The prefix string is injected into the Apache Ranger access control plug-in through an environment variable named SERVICE_NAME_PREFIX.

When configured, the FGAC plug-in can use access policies in custom policy repositories for the following service types:

  • Hive

  • S3

  • Files

  • ADLS

Complete one of the following procedures to use Databricks with custom policy repositories:

Configure a custom policy repository for all Databricks clusters with cluster policy

You can configure your Databricks cluster policy to inject the SERVICE_NAME_PREFIX environment variable for all clusters through cluster policy.

Procedure
  1. Log in to your Databricks account.

  2. Define a cluster policy and specify the following JSON configuration:

    {
      "spark_env_vars.SERVICE_NAME_PREFIX": {
        "type": "fixed",
        "value": "<SERVICE_NAME_PREFIX>"
      }
    }

    Where:

    • <SERVICE_NAME_PREFIX>: Specifies the policy repository prefix, such as qa.

  3. To apply the new cluster policy, restart each Databricks cluster.

Configure a custom policy repository for a single Databricks cluster with an environment variable

You can configure a specific Databricks cluster to inject the SERVICE_NAME_PREFIX environment variable through a cluster environment variable.

Procedure
  1. Log in to your Databricks account.

  2. From your list of Databricks clusters, edit the cluster you want to use with a custom policy repository.

  3. Update the cluster environment variables to include the following value:

    SERVICE_NAME_PREFIX=<SERVICE_NAME_PREFIX>

    Where:

    • <SERVICE_NAME_PREFIX>: Specifies the policy repository prefix, such as qa.
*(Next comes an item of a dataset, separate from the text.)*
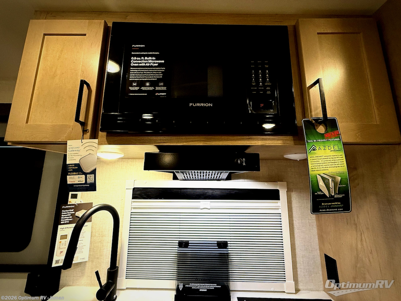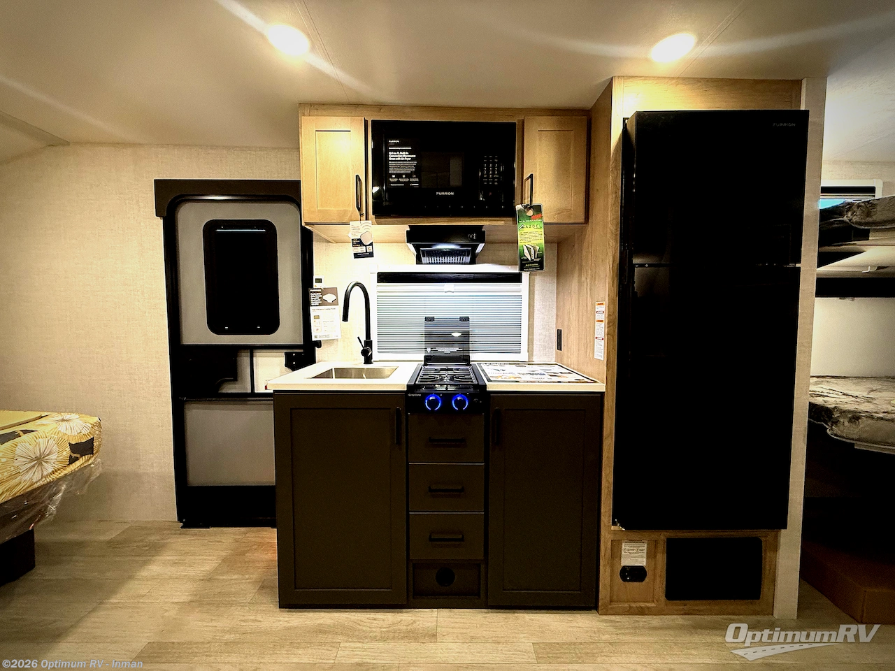You're going to love everything about this travel trailer that can comfortably sleep three to six people each night, depending on your bunk configurations. There is a spacious storage locker that can be used for hiking gear, plus a kayak/bike storage door for quick and easy packing. The Embertrack system lets you convert the benches to twin bunks, double-size bunks, a desk, or remove them altogether for more storage space. You will enjoy the queen-size Murphy bed up front, along with the "stargazer" skylight for nighttime views, along with dual nightstands and dual wardrobes to keep your clothes tidy. And in the morning you can relax on the jack-knife sofa with a removable table once the bed is put away. This trailer also includes a full kitchen with a 12V refrigerator, an air fryer convection microwave oven, a dual burner cooktop, and a stainless steel sink for easy clean-up.

  4. To apply the new cluster policy, restart the Databricks cluster.

Configure a custom policy repository for a single Databricks cluster with an Init Script

You can edit the FGAC plug-in Init Script that your Databricks cluster runs such that it sets the SERVICE_NAME_PREFIX environment variable.

Procedure
  1. Log in to the system where you installed Privacera Manager.

  2. Locate the privacera_databricks.sh script and open the script with an editor.

  3. Modify the script you opened in the previous step and specify the following variable:

    SERVICE_NAME_PREFIX=<SERVICE_NAME_PREFIX>

    Where:

    • <SERVICE_NAME_PREFIX>: Specifies the policy repository prefix, such as qa.

  4. To update the modified script to your Databricks DBFS, enter the following command:

    dbfs cp privacera_databricks.sh dbfs:/<PATH>/privacera_databricks.sh

    Where:

    • <PATH>: Specifies the DBFS path to copy the updated script to.

  5. To apply the new cluster policy, restart the Databricks cluster.